A leading construction leader in Hong Kong and Macau, focusing on high-quality tracks in the mainland. It has both growth and high quality companies and is backed by China Construction Group. It is one of the largest general contractors in Hong Kong and Macau, as well as a leading integrated urban investment operator in the mainland. The future is expected to benefit from: 1) Hong Kong continues to advance large-scale projects such as the northern metropolitan area; 2) Macau expo companies will add 20% non-gaming investment; 3) the mainland will focus on guaranteed housing orders and expand technology-driven businesses to fully meet the needs of the “three major projects”. The company's net profit CAGR from 19-23 was about 15%. Business restructuring was effective, and ROE and cash flow continued to improve in 21-23.
Since 2008, the dividend has been maintained at around 30%. If this level is maintained for 24 years, the dividend rate is 5.8%. The net profit for 24-26 is expected to be HK$10.4/11.8/13.4 billion, which is comparable to the company's 24-year Wind's consistent expectation of 6xPE. Considering the steady growth in the company's performance, technology empowerment is expected to optimize the business model and profitability. The target price is HK$14.49 for 24, with a target price of HK$14.49, covering the first time.

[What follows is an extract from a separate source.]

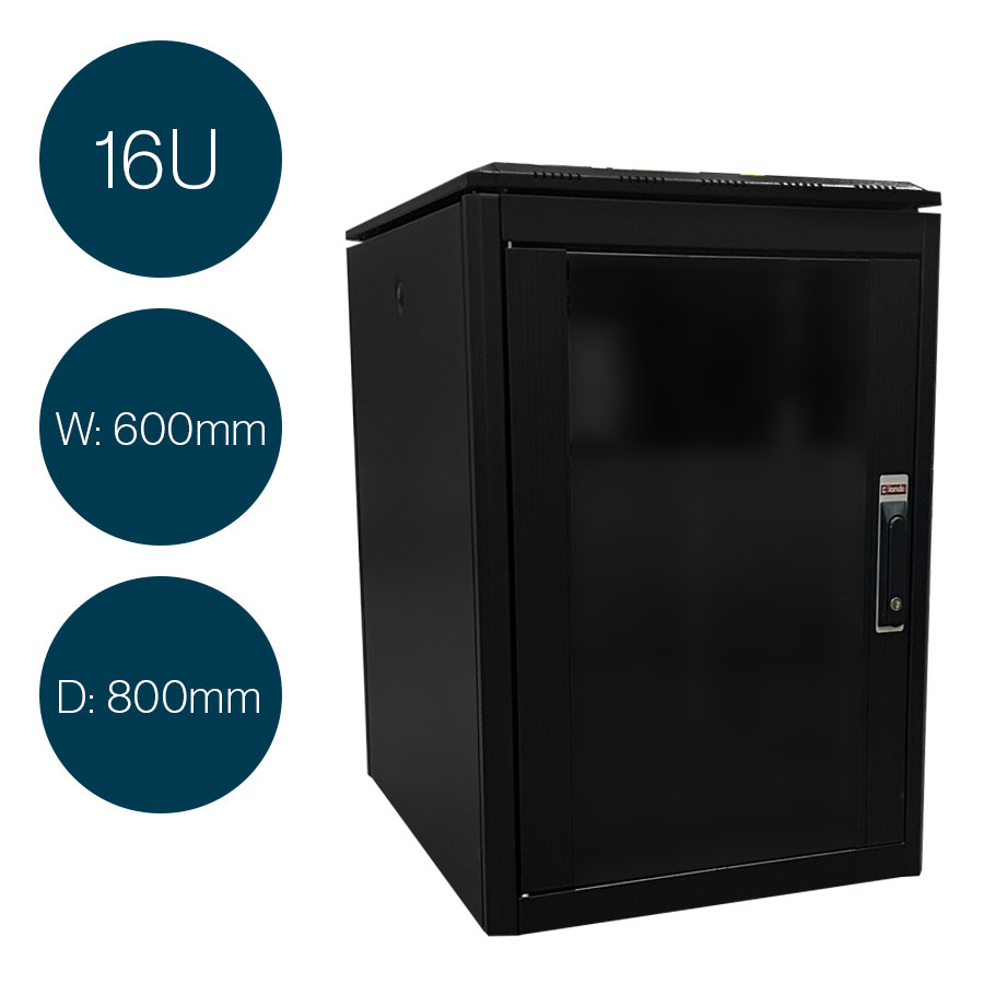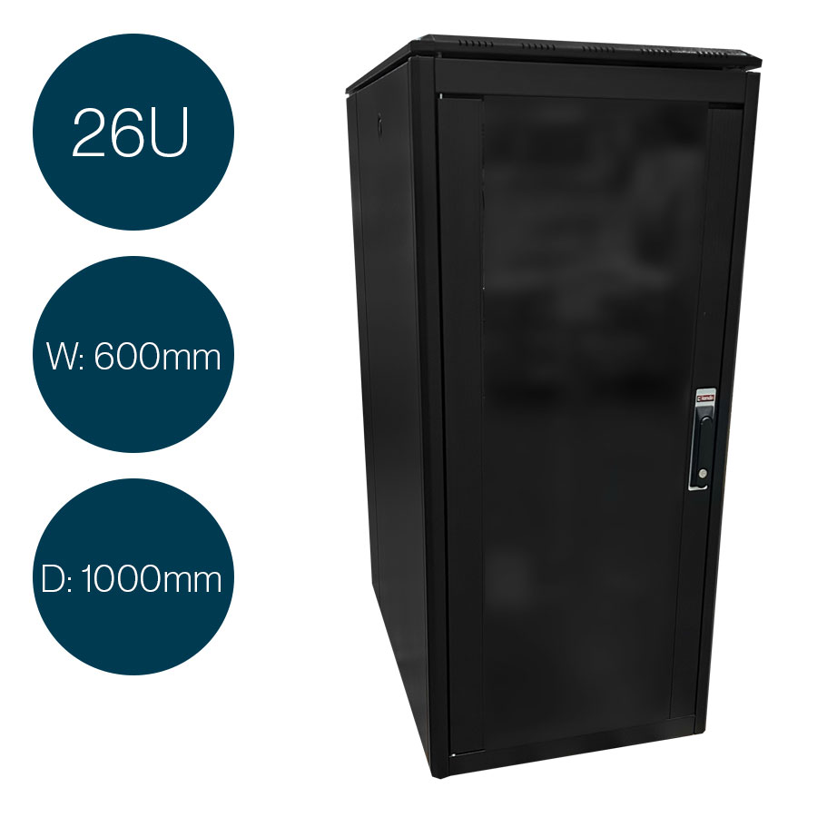 (H)42U (W)600mm (D)600mm External Height 2053mm Lande DYNAmic Data Cabinet Glass Front Door Steel Rear Door 2 x Removable Side Panels

Hong Kong is actively launching large-scale construction plans. The leading companies are expected to benefit from the company's revenue and gross profit share of 27% and 9% respectively in Hong Kong in '23, an 11% increase in new orders, active investment by the Hong Kong government, and large-scale plans to expand land capacity in the northern metropolitan area of Malaysia and Lantau tomorrow. According to Hong Kong's 24/25 budget, the government's capital project expenditure for the next five years is about HK$90 billion per year, an increase of 18% compared to the average value of HK$76 billion over the past five years. The company's revenue and gross profit ratio in Macau in 2023 was 9% and 6%, and the market share was 22% in '22. Macau's economy recovered relatively well in 2023, public works invested by the government are expected to continue, private projects are expected to improve, and expo companies will add 20% to the 10-year investment of MOP 108.7 billion in non-gaming projects promised in '22.
The mainland focuses on high-quality tracks and develops technology and short-term investment projects. Cash flow effectively improved the mainland's revenue and gross profit by 58% and 79% respectively in 2023. It focuses on guaranteed housing orders and expanded technology-driven businesses. Driven by policies such as “three major projects” and “green buildings”, it has good market demand.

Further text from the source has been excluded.